Non ci si domanda perché ci sono certi comportamenti da parte di chi ha responsabilità pubbliche, ma il problema è ancora una volta soprattutto perché questi fattacci sono finiti sui giornali, a disturbare i nostri placidi sogni.

Di fronte all’ennesimo scandalo, l’unica levata di scudi è contro lo strumento che ha permesso ancora una volta di sollevare il velo su un sistema nel quale, in sostanza, il conflitto di interessi è il vero principio fondamentale e fondante.

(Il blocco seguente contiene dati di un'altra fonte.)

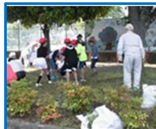
クリーン作戦（高花平小）
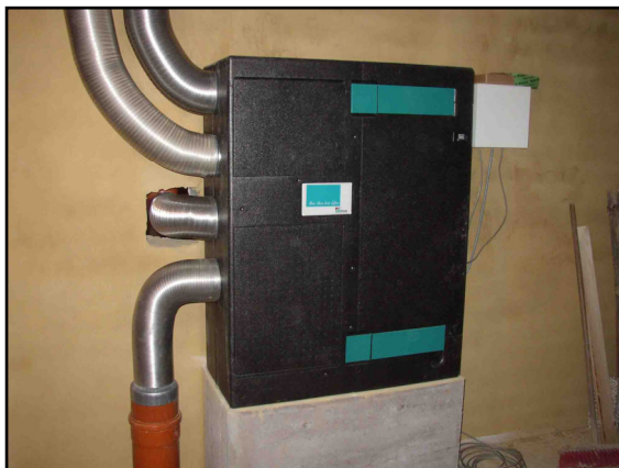
... bis zum Wärmerückgewinnungsgerät im Keller

Baustoffe: Holz, Kalksandstein, Lehm Die Verwendung von Holz als Baustoff spielte beim Bau dieses Hauses eine zentrale Rolle. Beim Außenfachwerk und Dachstuhl beginnend, über den Fußbodenaufbau mit Massivholzdielen, Holzdeckenbalken, Deckenaufbau und Deckenverkleidung, oder Zellulose und
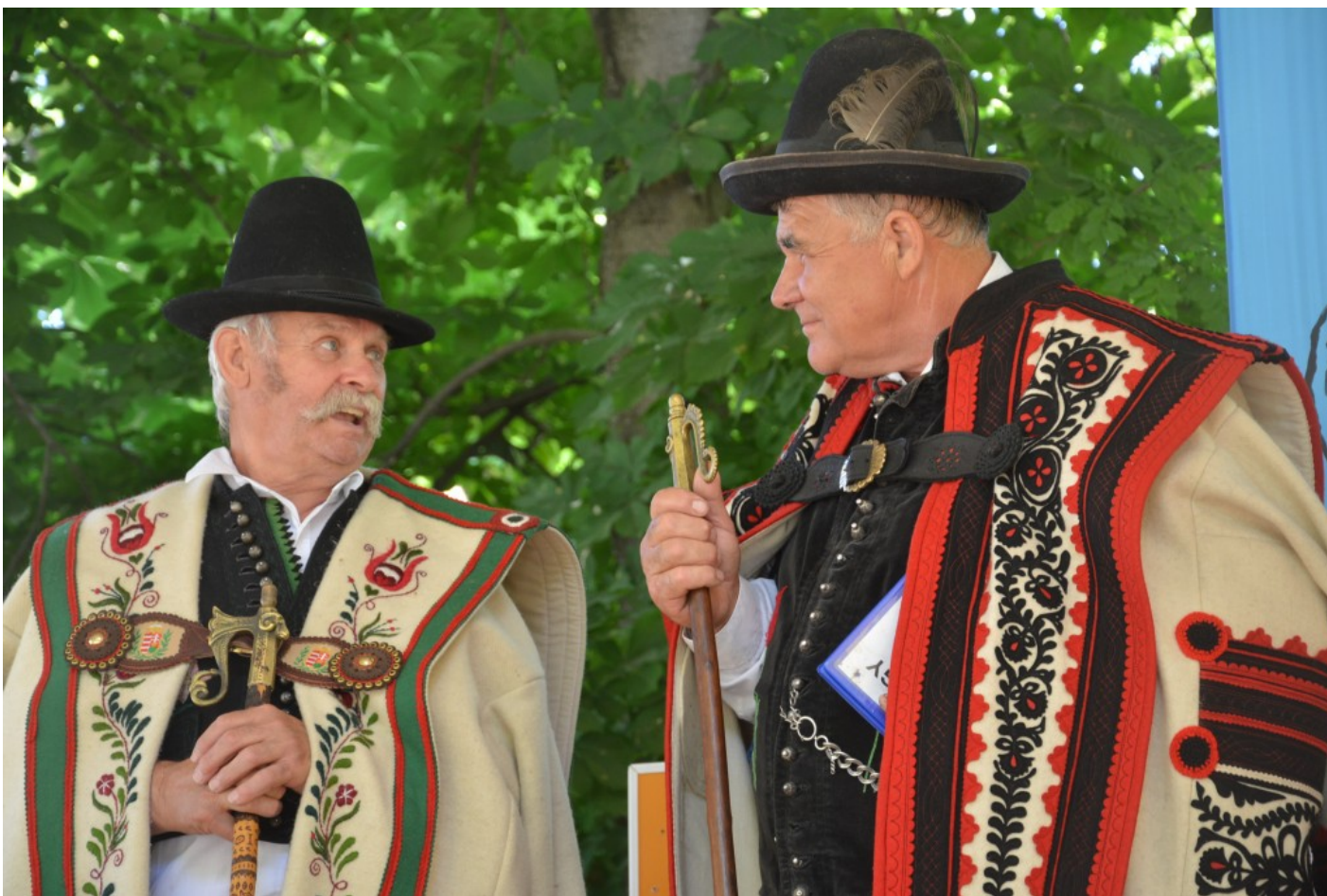
Juhászok egymás közt. Díszes ruhában.

A találkozóról az idén sem hiányzott a főzőverseny. De nem csak a finom pörköltök rotyogtak a titkos receptek alapján a kondérokban, de egy helyen nyársra tűzött birka forgott a faszén parázs fölött.

Non entro nel merito della rilevanza penale: questo lo valuteranno i giudici competenti una volta dato anche spazio alle difese e vagliati nel contraddittorio tutti gli elementi. Ma per ritenere il disvalore politico ed etico non si deve aspettare la Cassazione, non solo perché altrimenti tutto sarebbe sospeso per anni con estrema ipocrisia, ma soprattutto perché i cittadini hanno il diritto e l’obbligo di poter conoscere e valutare l’operato di chi ha responsabilità pubbliche: magistrati compresi, ovviamente!

Povero quel Paese che affida solo alla giustizia penale il giudizio sul comportamento etico dei suoi governanti. Il fatto che adesso non si parli di modificare lo strumento di indagine non mi libera da tutte le preoccupazioni: la difesa del diritto di informare e di essere informati attiene al buon funzionamento di tutte le istituzioni democratiche, perché se non c’è trasparenza non ci può essere una cittadinanza informata e consapevole e quindi capace di esprimere la sua volontà in maniera piena e indipendente e non solo abbeverandosi a un po’ di propaganda.

La soluzione per evitare un abuso nelle pubblicazioni c’è ed è molto semplice: divieto assoluto di pubblicare intercettazioni fino a quando accusa e difesa non avranno selezionato quelle che ritengono rilevanti davanti al giudice per le indagini preliminari; dopo questo filtro, distruzione di quelle irrilevanti e autorizzazione a pubblicare solo le restanti.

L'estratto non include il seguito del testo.